Un altro aspetto della mentalità
economica è la sua tendenza atemporale. Raramente vengono prese in
considerazione le conseguenze future del proprio agire. Nelle grandi imprese,
nella politica, ma purtroppo ormai anche nelle piccole realtà, viene osannato
chi alla fine dell'anno può presentare un bilancio positivo. Stranamente non
interessa se si tratta solo di un risultato momentaneo comprato con lo spreco di
risorse o grazie a mancanti investimenti che poi mancheranno in futuro. Quindi
invece di atemporalità si potrebbe anche parlare di irresponsabilità.
Questa irresponsabilità atemporale
si vede dappertutto. Non contano i benefici a lungo termine, ma solo il successo
istantaneo. Naturalmente sarà difficile evitare il collasso ambientale del
pianeta terra se non si prendono in considerazione le conseguenze a lungo
termine del proprio agire.
Un terzo aspetto della mentalità
economica è la sua inumanità.
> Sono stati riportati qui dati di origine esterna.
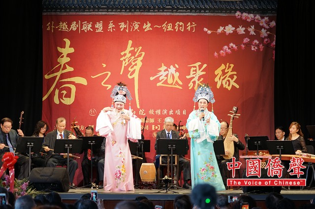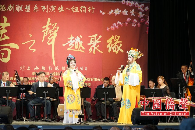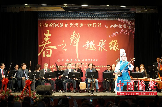 【图片,视频:Louis纽约影视工作室 中国侨声网记者柳曉纽约报道】4月27日,由美国梅拉诺文化演艺公司和美国鹰龙传媒公司共同主办、海外越剧联盟与洛杉矶越剧之家共同承办的"春之声·越聚缘"海外越剧联盟系列演出之纽约行暨纪念越剧宗师徐玉兰音乐会在纽约法拉盛市政厅成功演出,落下帷幕。中国驻纽约总领馆文化参赞李立言、塞拉利昂常驻联合国代表团部长Dr.Saidu、美国绍兴同乡会陈莲青会长、联合国网合集团总裁林启樵、美国上海联谊会承立平主席以及纽约侨、商、学界人士,越剧爱好者近五百人观看了演出。对音乐会给予了高度的评价。
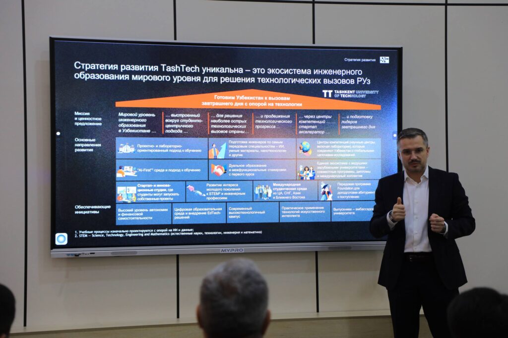 Uchrashuvda “ToshTech”ni Markaziy Osiyoning yetakchi texnologik universitetiga aylantirish, 2040-yilgacha esa dunyoning eng yaxshi 100 ta yosh universiteti qatoriga kiritish bo‘yicha ishlab chiqilgan strategiya taqdim etildi. Bu yo‘nalishda ilg‘or muhandislik tadqiqotlari markazlarini tashkil etish, xalqaro standartlarga mos ta’lim tizimini rivojlantirish ustuvor vazifa sifatida belgilangan.

L'uomo viene denigrato a mezzo in funzione del
guadagno. Per l'imprenditore il dipendente non conta come persona, ma è un
fattore di guadagno o di costo. In un ottica di conto economico questo è
inevitabile e non c'è niente di male. Il problema nasce, quando l'aspetto
economico diventa l'unica realtà che conta, perché in questo caso l'uomo come
persona non conta più niente al di fuori dei conti.
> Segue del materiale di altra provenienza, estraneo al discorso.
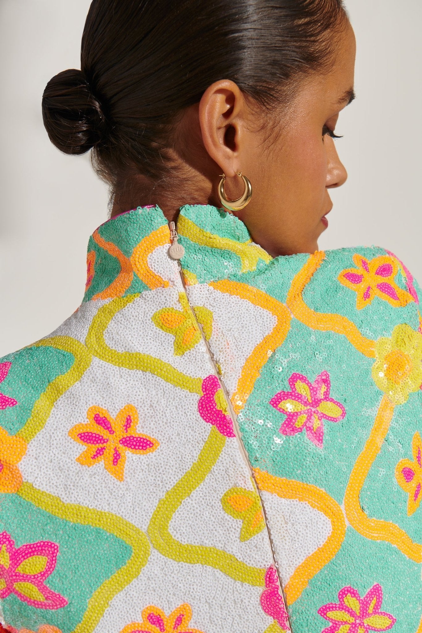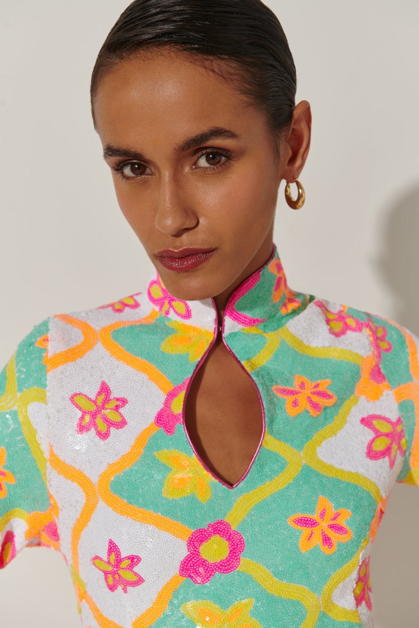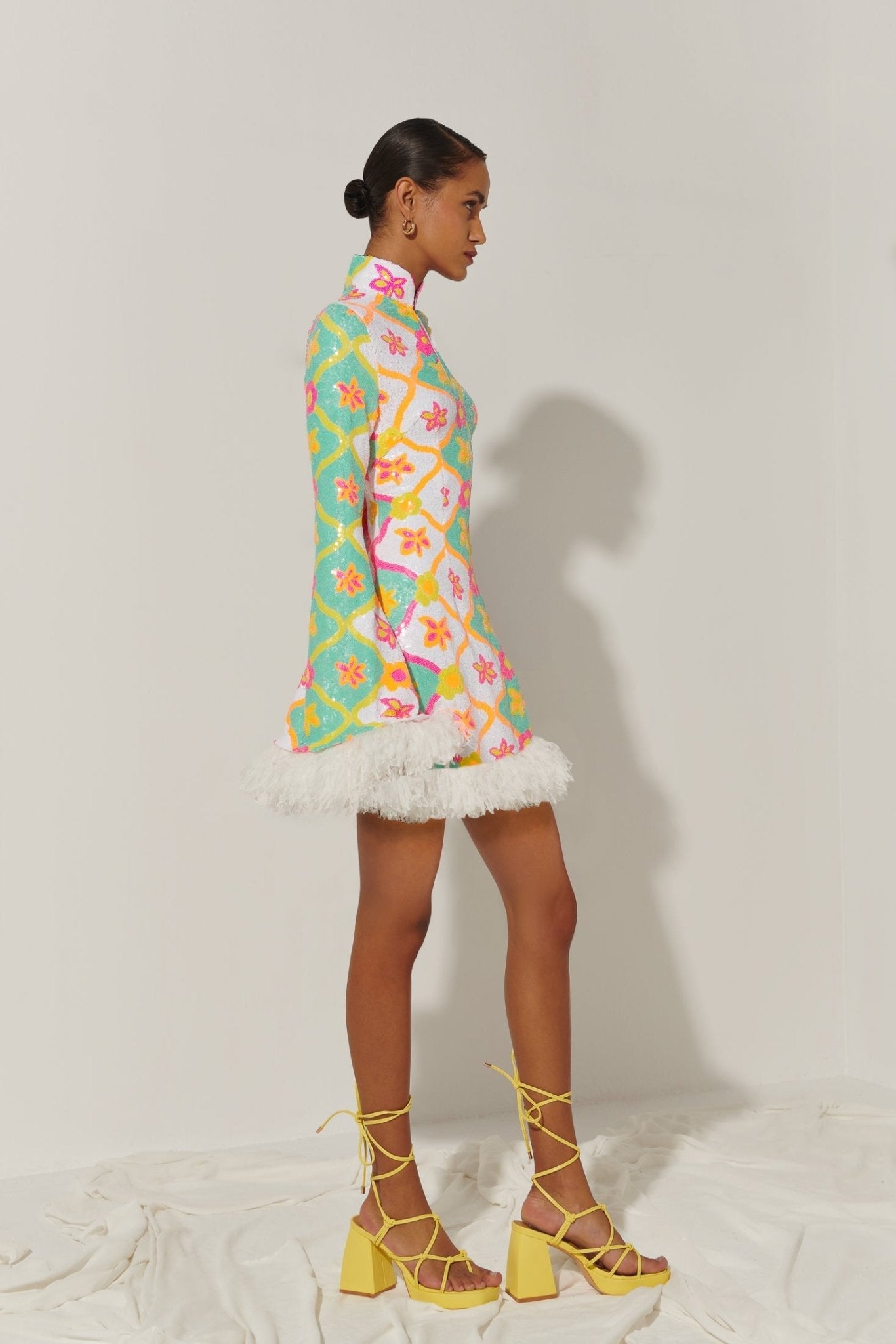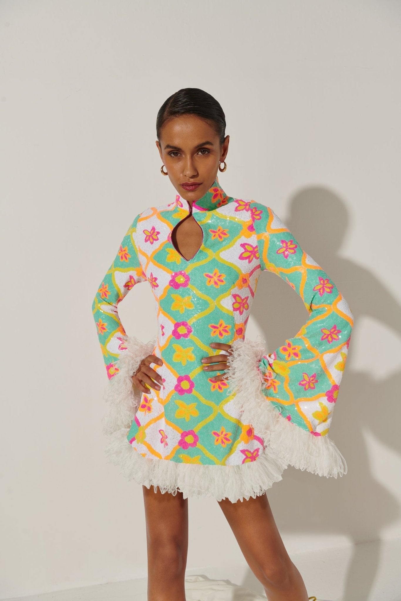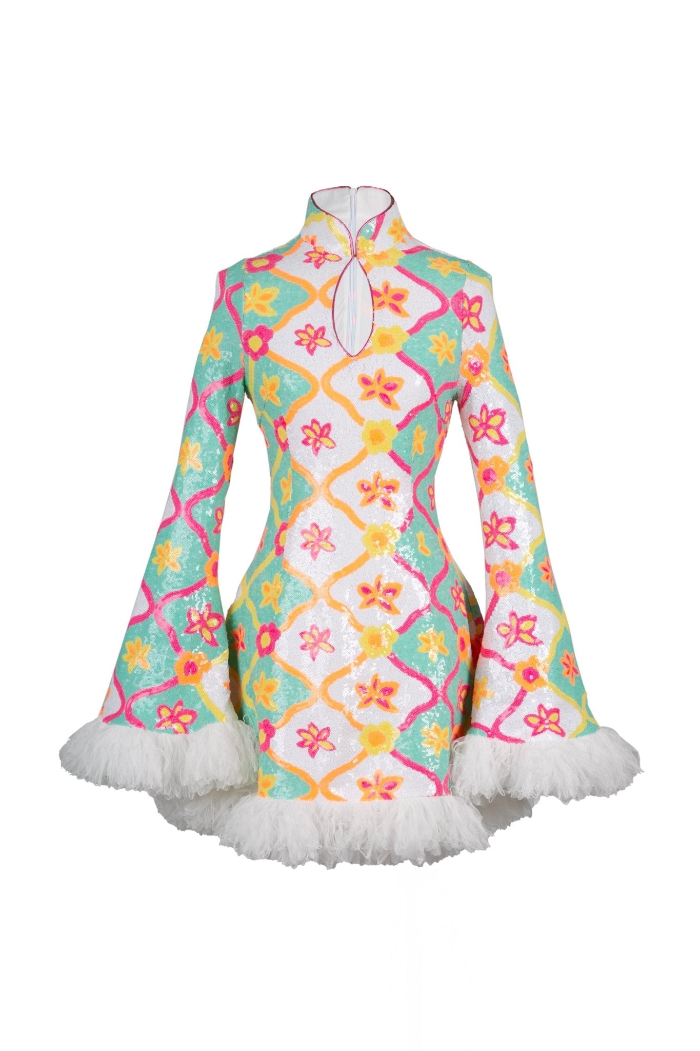 Déjate seducir por el glamour retro. El vestido Jimena evoca la energía de los años 60 con su estampado psicodélico de lentejuelas florales, mangas acampanadas extragrandes y un lujoso ribete de plumas. El cuello alto y el escote en forma de ojo de cerradura le dan un toque de sofisticación a esta silueta desenfadada.

Questo significa che l'uomo per
valere qualcosa deve guadagnare. C'è quindi una pressione enorme sulle persone
che mina la loro autostima. E questo non vale solo per il disoccupato, ma anche
per chi lavora, perché non basta guadagnarsi da vivere. Per valere veramente si
deve guadagnare di più. Ma anche guadagnare di più non è mai sufficiente, perché
c'è sempre un di più.
Questa mentalità corrode anche la
solidarietà. Gli uomini sono in continua concorrenza, tutti contro tutti. Chi
perde in questa lotta viene visto come perdente. Invece di aiutare chi ha perso
il lavoro, questo viene visto come perdente e viene punito per la sua
incapacità. Mi chiedo come sia possibile che in un paese ricco e
tecnologicamente avanzata come l'Italia non esista un sistema sociale che
garantisca a tutti una sopravvivenza dignitosa. C'è forse l'idea di fondo che
chi non c'è la fa è colpevole? Forse punendo i perdenti si vuole esorcizzare la
paura dal proprio potenziale fallimento che come ombra accompagna ciascuno di
noi?
La disumanizzazione che degrada le
persone a mezzi del sistema economico comincia già in tenera età. Oggi a scuola
non si impara più il latino, ma l'inglese, perché l'idea guida dell'educazione
non è più formare persone autonome e di alto livello culturale, ma di preparare
i ragazzi al mondo del lavoro. Vedo dai ragazzi della mia Comunità, che spesso
stanno sotto una pressione terribile, che già a 14 anni sono pieni di paure
riguardo al loro futuro e che gli mancano i tempi di gioco, tempi creativi
indispensabile per una maturazione completa. Più tardi non si fonda una famiglia
e non si creano bambini, perché per poter valere qualcosa è più importante la
carriera. La disumanizzazione riguarda anche la distruzione di tradizioni, di
cultura, di creatività, perché sono tutte cose che non hanno un ritorno
economico, per cui non c'è scopo e tempo per coltivarle. La disumanizzazione
finisce poi con la vecchiaia in cui gli anziani, ormai ritenuti inutili e
considerati un costo economico e di tempo, vengono abbandonato in apposite
strutture. Naturalmente e per fortuna non è dappertutto così, ma penso che siano
tendenze inerenti alla mentalità economica.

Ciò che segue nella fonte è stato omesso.